The guards pulled the triggers in quick succession, the bullets finding the center of body mass. Chunks and bits of decayed flesh and viscous fluid blew back, showering those who were behind the first wave, but the front line continued on, the undead absorbing the bullets as if they were nothing more than the sting of wasps.
Then the guards redirected their aim for headshots, and pulled the triggers.
Heads sheered away as cranial pieces and gray gore took flight, the bodies falling, but the second wave leapt over them with athletic ease and came at them with unbelievable speed.
Muzzle flashes continued to spark the corridor with light as the guards continued to hit their targets, all headshots, taking down the de
ad, but they were like roaches. No matter what you did to stop the flow, they just kept coming.
“How can there be so many?” one guard cried.
They leapt and caromed off the corridor walls, bouncing from one side to the other.
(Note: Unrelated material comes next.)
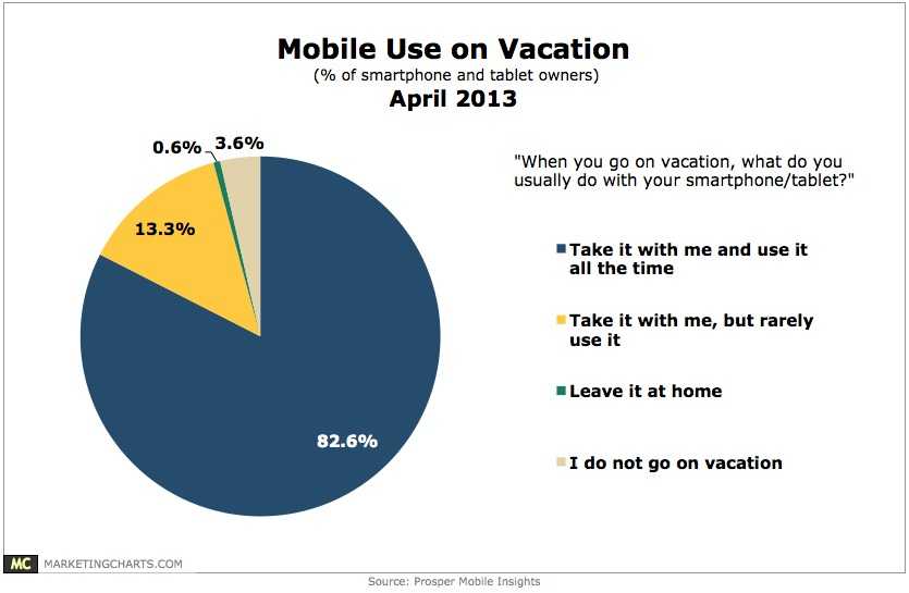智能手机和平板电脑 用户看来是无法放开他们的设备,年轻的智能手机用户更是如此。3/4的人早上起来时查看手机,超过40%的人每10分钟查看一次。即便是休闲无比的度假也不能把这些设备从用户手中拿开。当他们度假时,8/10的用户将手机一直带在身边,而只有1/10带手机的人很少使用手机。

“What the Hell are these things?” one guard hollered, then he ran out of ammo, ejected his magazine, and quickly seated another. “I’m running low!”
“Same!”
They started to move back, firing and taking out the dead with headshots, sending gray matter to splash against the surrounding pipes and conduits in ghoulish display.
. . . COOOOOOME TOOO MEEEEEEEEE . . .
As some fell to the corridor floor, others took their place and came at the guards with frenzied eyes and bony talons.
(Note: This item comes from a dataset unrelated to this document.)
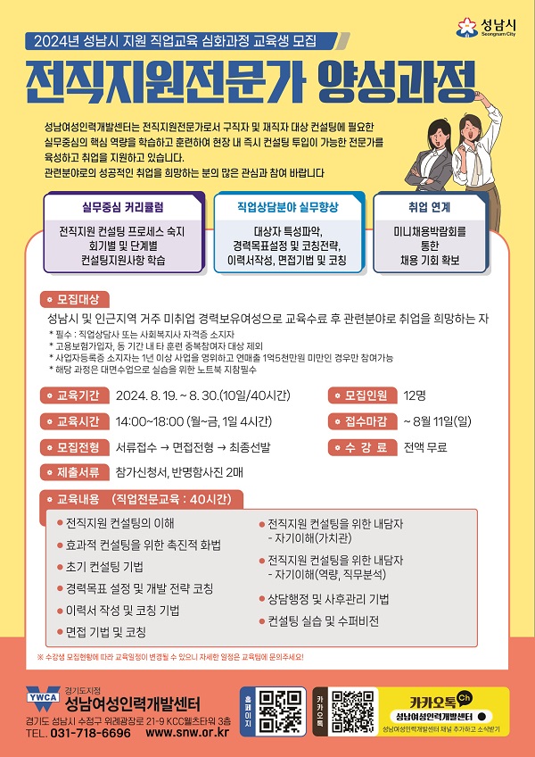 - 성남여성인력개발센터는 전직지원 전문가로서 구직자 및 재직자를

When one of the guard’s gun started to go off in a series of dry clicks, he dropped it and headed in the opposite direction, running as fast as he could. The second turned as well, pivoting on feet that were too slow to react in timely fashion as a hand slashed across the guard’s back, ripping its nails through his flesh, and drawing scratches across the bones of his vertebrae.
The guard screamed, feeling the burning sensation of white-hot agonizing pain, the type of pain that would give pause to one who would believe that death would be a better alternative to this. As he fell to the floor they crawled over him like insects, the tips of their fingers tearing his skin as if it was as fragile as rice paper, then reached for the morsels of his innards.
A fount of blood erupted from the guard’s mouth, and then his lungs sounded off in a wet rattle a moment before they were ripped free.
The second guard ran down tunnels that branched off into several different directions. His group was nowhere to be seen.
“Mr. President!”
The dead gave chase.
The Detail guard took a series of turns, his eyes wide as he turned his head from one side to the other, seeing nothing but empty warrens. Where did they go?